Хлодовский неожиданно резко пресек этот спор:
– Мичмана Щепотьева я прошу удалиться в свою каюту…
Над притихшим столом поднялся механик крейсера – Юрий Маркович, сын народовольца и внук писательницы Марко Вовчок:
– Господа! Для военных людей всегда останется насущен коварный вопрос: ради чего мы живем? Нас превосходно одевают, отлично кормят, нам воздают почести… За что? Чем мы заслужили подобное транжирство от государства, которое ради оплаты наших прихотей обшарило карманы верноподданных? Мы живем (и живем лучше народа), наверное, лишь ради единого мгновения… Да, единого! В час роковой битвы мы обязаны расплатиться с Россией за все приятное для нашего честолюбия и довольства. Именно в момент боя мы обязаны отдать родине самих себя – до последней капли крови. И даже тот последний глоток соленой воды, что завершит нашу жизнь, мы должны принять от судьбы, как наше святое причастие…
Полковник Сергеев, служащий в интендантстве, строго поучал Панафидина, чтобы тот не сбился в такте:
– А после моего смычка последует ваше пиццикато…
Среди слушателей была сегодня жена каперанга Трусова, с материнским сожалением глядевшая на Панафидина:
– Смотрю на вас, а думаю о своем сыне. Вы очень похожи. Он тоже мичманом… на броненосцах в Порт-Артуре. Только б не было войны, – договорила женщина со вздохом.
Виолончель ближе всего к звучанию человеческого голоса, и Панафидину казалось, что в музыке он сегодня выразит все, чего не может сказать словами. Мичман отыскал опору для «шпиля» инструмента, разминая руку, прошелся смычком вдоль всего музыкального грифа. Плохо, что Виечка не сидит рядом; из соседних комнат доносилось бодрое здоровое ржание кавалеров, слышался ее ангельский голосок:
– Нет, это невозможно, господа! Вы меня смутили. Я об этом много слышала, но, клянусь, еще никогда не видела…
(«О господи! Что они ей там показывают?..»)
Исполнители утвердили свои ноты на шатких пультах. Интендант с мрачным видом исполнил бодрое интермеццо, резко оборвав его, и почти злодейски воззрился на старого бедняка Гусева, который подхватил прерванную мелодию, повел ее вдаль за своей горькой судьбиной – душевно, чисто и свято. Концерт начался. Панафидин, весь в предчувствии своего триумфа, шевелил пальцами, примеряя их к сердечному надрыву на струнах.

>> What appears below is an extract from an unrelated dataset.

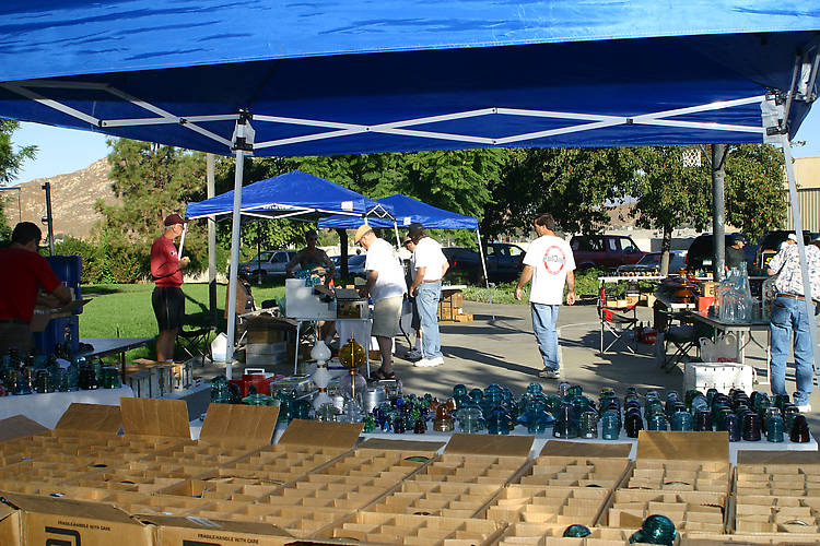 The Double D Tailgater was successfully held Saturday, Oct. 3 at Wilden Park in Grand Terrace, CA. We had 85 attendees present enjoying a beautiful 80 degree day in Southern California. Collectors joined us as far away as Northern & Central California, Arizona, Nevada, Utah, Colorado & Texas. All of the following photos were taken by Kevin Jacobson. As seen in the foreground of this pic, I just placed open boxes on a table and allowed collectors to forage through them. This made for a much quicker setup and breakdown since I had other occasional show host duties to tend to (that's me with my back to the camera at the far left). |
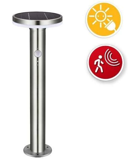 Lampada solare da terra Devils Tower Velamp SL340-6W 4000K Funzionamento: la lampada si ricarica di giorno, sfruttando i raggi solari.3 modalità di uso: 1) sempre accesa: la luce si accende automaticamente al calare del sole per 8 ore.20 lumen continui: la lampada si usa allora come un lampione; si spegnerà automaticamente all'alba.2) modalità mista: la luce si accende automaticamente al calare del sole: 20 lumen continui; in più si attiva il rilevatore di movimento: 400 lumen per 8 secondi qualora rivelerà un movimento; si spegnerà automaticamente all'alba.3) modalità solo rilevazione: la lampada si accenderà per 8 secondi a 600 lumen qualora rileverà un movimento nella zona coperta; funge sia da luce di cortesia che da luce di sicurezza. Munito di panello solare 6V 0.3a monocristallino e batteria Li-Ion 2200mAh. Autonomia: fino a 8 ore in base alla carica ricevuta durante il giorno. Specifiche Tipo Alimentazione fornita pannello solareBatteria (tipo) 18650Batteria (capacità in mAh) ...

Тут раздался звонок с лестницы, и было слышно, как простучали каблучки Вии; из прихожей – знакомый голос:
– А чем я виноват, если не мог поймать извозчика?
(«Голос мичмана Житецкого… и он здесь. О боже!»)
Альт интенданта Сергеева уже выводил нежную кантилену. А через двери вмешивался уверенный тенорок Житецкого:
– Не для мира нас, господа, готовили! Когда же еще, как не на войне, нам, юным офицерам, делать карьеру?..
Это вывело Трусова из себя, он сделал замечание:
– Житецкий, не ради вас тут собрались… потише!
Чувство злости, рожденной от ревности (и даже зависти), опустошило душу, и Панафидин даже не заметил, когда замолк альт в руках интенданта, а Гусев толкнул его под локоть:
– Где же ваше пиццикато, мичман? Проспали?
Сергеев готов был загрызть его за оплошность:
– Так нельзя относиться к серьезной классике! Если уж мы собираемся здесь раз в неделю, так совсем не для того, чтобы господин мичман мух ноздрями ловил…
Трусов, сложив руки на эфесе сабли, сидел спокойно:
– Ну ладно. Бывает. Можно и повторить… не так ли?
Кое-как доиграли концерт Боккерини, и Франц Осипович Парчевский, явно радуясь паузе, стал хлопать в ладоши:
– Дамы и господа, прошу, прошу, прошу… перекусим, что бог послал. Виечка! – позвал он дочь. – Где же твои кавалеры? Господа, господа, – призывал он, – всех прошу к столу…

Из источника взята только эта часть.